As such, one interesting aspect of vulnerability prioritization is to consider what types of vulnerabilities are currently trending in these OSINT sources, in order to establish the types of vulnerabilities an attacker might favor. For example, if discussions in public sources and underground networks currently mention reflected XSS attacks on particular frameworks more often than usual, then other attackers reading these discussions could be tempted to attack other similar XSS vulnerabilities, or find similar inflection points in other frameworks. Attackers, just like cybersecurity experts, are very much influenced by trends in exploitation methods.
This blogpost explains in part how Delve's Vulnerability Threat Intelligence Feed identifies the top trending vulnerabilities on a daily basis.
The goal of the approach presented in this blog is to identify the patterns or trends underlying online discussions. These are what we aim to model in order to generalize which vulnerabilities might receive more attention from attackers, regardless of the vulnerability’s direct mentions (e.g., its CVE number) in online discussions. The goal is the identification of the underlying concepts associated with online cybersecurity discussions, first to assess the importance of existing vulnerabilities, and second to use this representation as input to future predictive models. To extract this information, a natural language approach is employed, which uses machine learning, and more specifically, topic modeling.
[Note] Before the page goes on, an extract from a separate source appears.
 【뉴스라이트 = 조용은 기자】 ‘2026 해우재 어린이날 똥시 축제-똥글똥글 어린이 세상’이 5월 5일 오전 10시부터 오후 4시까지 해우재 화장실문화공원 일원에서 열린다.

In short, it is possible to build a representation of a vulnerability that captures both its intrinsic features as well as its relationship with the external world.
This framework aims to:
- Create a representation that encodes the semantic meaning of vulnerabilities, i.e., topics from the textual descriptions of all disclosed vulnerabilities to date.
- Crawl online infosec discussions and apply them to a topic model, so as to obtain a weighted list of topics, which we call trends.
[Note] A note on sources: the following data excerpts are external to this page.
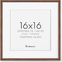 16x16 Picture Frames for Wall, Square Picture Frame 16 x 16 - Solid Oak Wood, Tempered Glass, 16x16 Frame Matted to 12x12, 16"x16" Wood Photo Frames - Walnut Color, 1 Pack
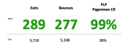 A/B test results showed immense lift in PLP page views as well as improvement in exit rate and bounce rate with the new designs.
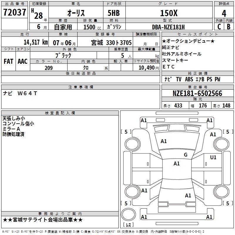 TOYOTA AURIS - лот 72037
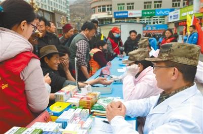 4月初,解放軍第75醫(yī)院官兵組織醫(yī)療隊進行愛民服務(wù)活動,為駐地群眾提供醫(yī)療咨詢服務(wù)、免費檢查身體、贈送藥品。 圖為愛民服務(wù)活動現(xiàn)場。 陳志強 攝
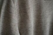 厚みは薄いニット生地ではなく、糸はたっぷり使った薄地と中厚地の間くらいとイメージいただくと実際に近いと思います。リネンで肌ばなれ良くさらっとした質感で、通気性もありますので夏に快適に着られます。薄いニット生地では出ない上品なきちっとした雰囲気が魅力のカットソーです。

- Combine the previously-built trends to their respective topics in a vulnerability, in order to indicate its importance to current infosec discussions.
- Use these trends and topics in future machine learning projects as input features
In order to accomplish these goals, we can use topic modeling, which is an unsupervised machine learning technique where a number of topics are automatically extracted from a text corpus, along with each one’s probability to appear in any of the texts. A topic consists of one or more weighted words, where a higher weight indicates a higher importance to the topic. A topic represents an underlying concept extracted from the text through statistical analysis.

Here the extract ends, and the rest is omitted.